Когда Юлькины родители получили трехкомнатную квартиру в белой башне на зеленой траве, перво-наперво надо было отдать в химчистку шторы, пледы, покрывала, не вносить же в новенькую, с иголочки, квартиру старую пыль. Людмила Сергеевна навертела два тюка и, взяв Юльку в помощницы, отправилась в химчистку. Только они вышли на бетонную дорожку, положив тюки на голову – так женщина выглядит красивее, – как раздался совершенно истошный вопль: «Лю-у-ся! Люсенька!» – и некий мужчина в три прыжка преодолел разделяющий две бетонные дорожки газон. Юлька с тюком на голове продолжала идти гордо и прямо, но боковым зрением она отметила, что на другой дорожке остались стоять очень толстая тетенька, килограммов на сто, и высокий мальчик. Она не знала, что там было за ее спиной, не видела, как рвал с маминой головы тюк этот мужчина, как мама не давала ему это делать… Мама догнала Юльку через пять минут, лицо у нее было красное и злое, и она сказала: «Лучше на край света, чем жить с ним рядом».

* * *

Поскольку в этой истории две стороны, то важно знать, как на эту встречу прореагировала вторая – вот та самая стокилограммовая тетенька, что осталась брошенной на дорожке.
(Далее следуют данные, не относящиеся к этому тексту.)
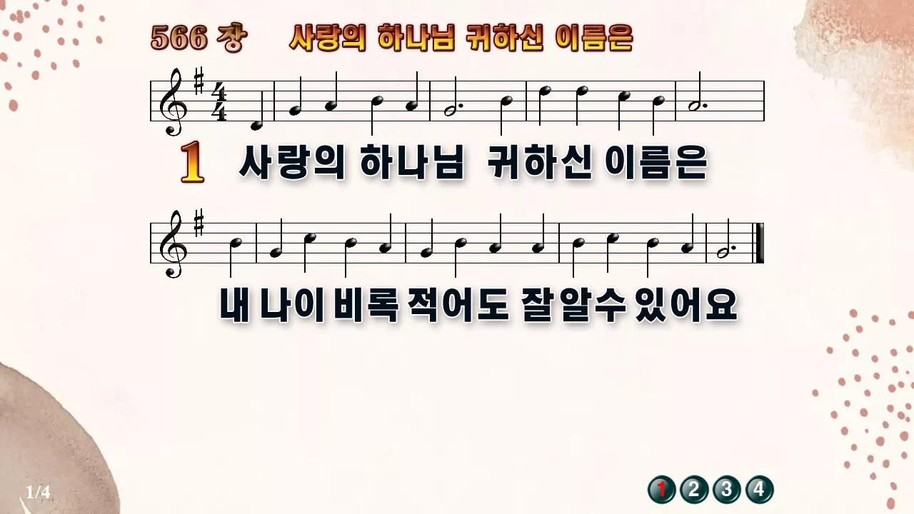 새찬송가 '566장 사랑의 하나님 귀하신 이름은'의 16:9 와이드버전으로 편집된 새찬송가 PPT악보입니다.
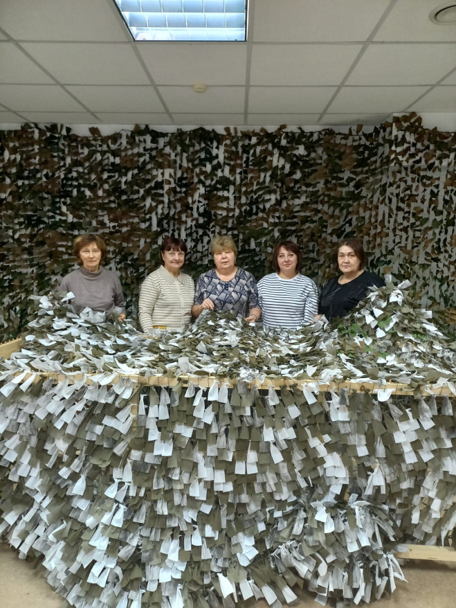 Женщины изготавливают маскировочные сети, которые ветераны Безенчукского отделения передают военнослужащим в зоне Специальной военной операции.
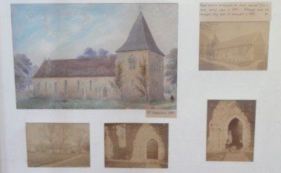 This last panel shows St Nicholas from the North, before the large yews had established. That North door has since been replaced by the RAF Window. In time we hope to place these images in their own pages on the website.
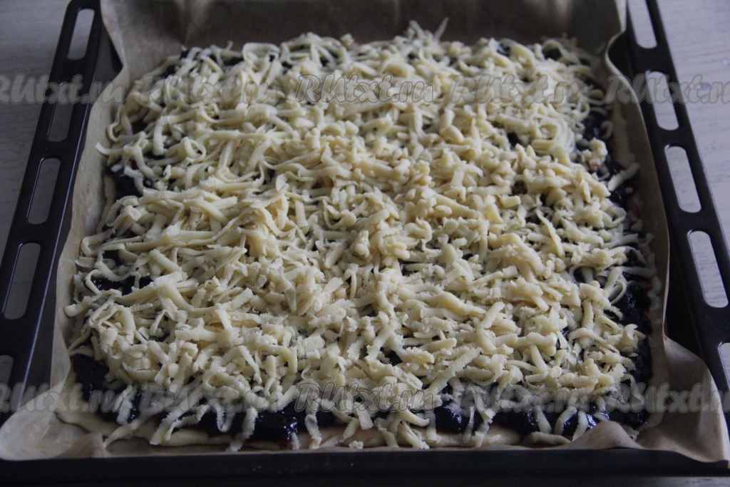 Достать тесто из морозилки и натереть его на крупной тёрке поверх варенья.
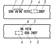 - цифры и буквы для обозначения даты (месяца и две последние цифры года) и других данных (цифры и буквы должны быть высотой от 6 до 10 мм, согласно действующим стандартам, техническим условиям и чертежам);
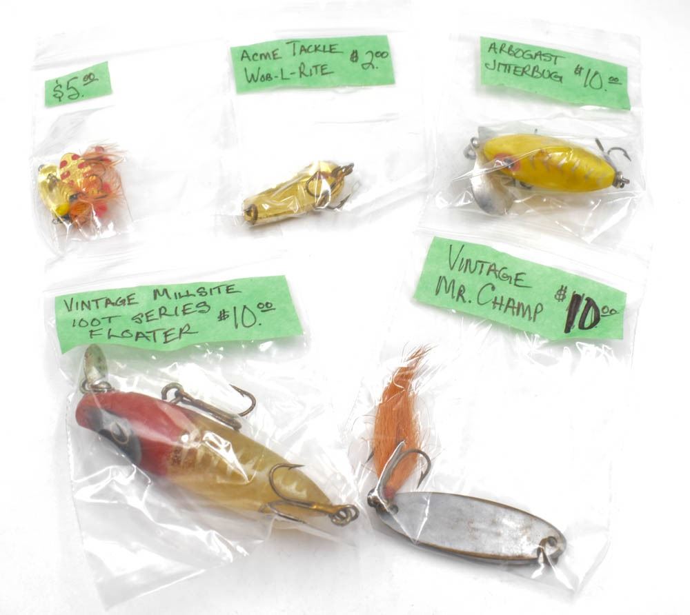 5 VINTAGE FISHING LURES INCLUDES MILLSITE

Вера Георгиевна – мама Романа и жена Кости – ночь не спала. Все видела перед собой ошеломившую ее картину: Костик, две недели до того пролежавший с радикулитом, в три метровых шага перемахивает через газон, а на асфальте, сцепив зубы от презрения, стоит Людмила. Вот это презрение не давало покоя и сна. Чего уж она так? У нее, у Веры, тоже был в школе поклонник. Сейчас он заслуженный артист, снимается в кино. Когда они встречаются, то, не стесняясь, целуются, даже если его жена рядом. И ей это не противно, наоборот, приятно, как он хорошо к ней до сих пор относится. И дело не в том, что ей льстит: он, мол, артист. Он не из тех, чьи открытки продают, он всегда играет крестьян-безлошадников, у него и в жизни лицо голодное, вытянутое и унылое. Но теперь он носит дымчатые очки. В них его безлошадность не так видна. Костик по сравнению с ним – красавец. Это объективно, не потому что муж. А та, Людмила, смотрела на него так, будто через газон к ней прыгал какой-нибудь Квазимодо. «Лю-у-ся! Люсенька!» Орал как. Голос откуда-то не из горла, а из кишок – сдавленный, чужой. Вера с тоской представила, как они замерли на бетонных дорожках – она и Людмила. У Романа глаза стали как блюдца. Папа ведь дома держась за стеночку ходил.

– Ну и прыжок! – сказал он восхищенно. – Как Брумель!

А «Брумель» стоял там, на той полоске, жалкий, небритый, и Людмила так брезгливо его обошла, с этим узлом на голове, будто боялась задеть. Уходя, кивнула ей, тоже свысока, и такое обилие презрения, пренебрежения, которое обрушилось на Веру в один миг, вдруг оказалось ей не под силу. Она, двужильная женщина, на плечах которой было все – и нездоровый муж, и хлипкий сын, и ремонт в квартире (пять лет уже прожили), и стеллажи на заказ, и все, все, все… И тут она вдруг осела, обмякла от одной этой минутной встречи. Что она, про Людмилу не знала раньше? Знала. Все ее фотографии в альбоме сохранены, со всеми надписями «любимому», «моему хорошему» и так далее. Знала, все знала, что было. Не знала, предположить не могла, что у Кости все и есть. И вот теперь они соседи? Всего три газона Костику перепрыгнуть. Разве трудно умеючи?

* * *

Универсам открывали с оркестром как раз в сентябре и сорвали уроки в школе. Девятый «А» ринулся к окну, оставив без внимания призыв учительницы закрыть его.

Юлька и Роман оказались прижатыми к подоконнику плечом к плечу.

– Слушай, – сказал Роман, – я мог тебя раньше где-то видеть? У меня такое ощущение!

– Ты в Останкине не жил?

– Даже не знаю, где это!

– Тогда тебе кажется…

В том, что ей это же казалось, она из женского кокетства решила не признаваться. Еще чего!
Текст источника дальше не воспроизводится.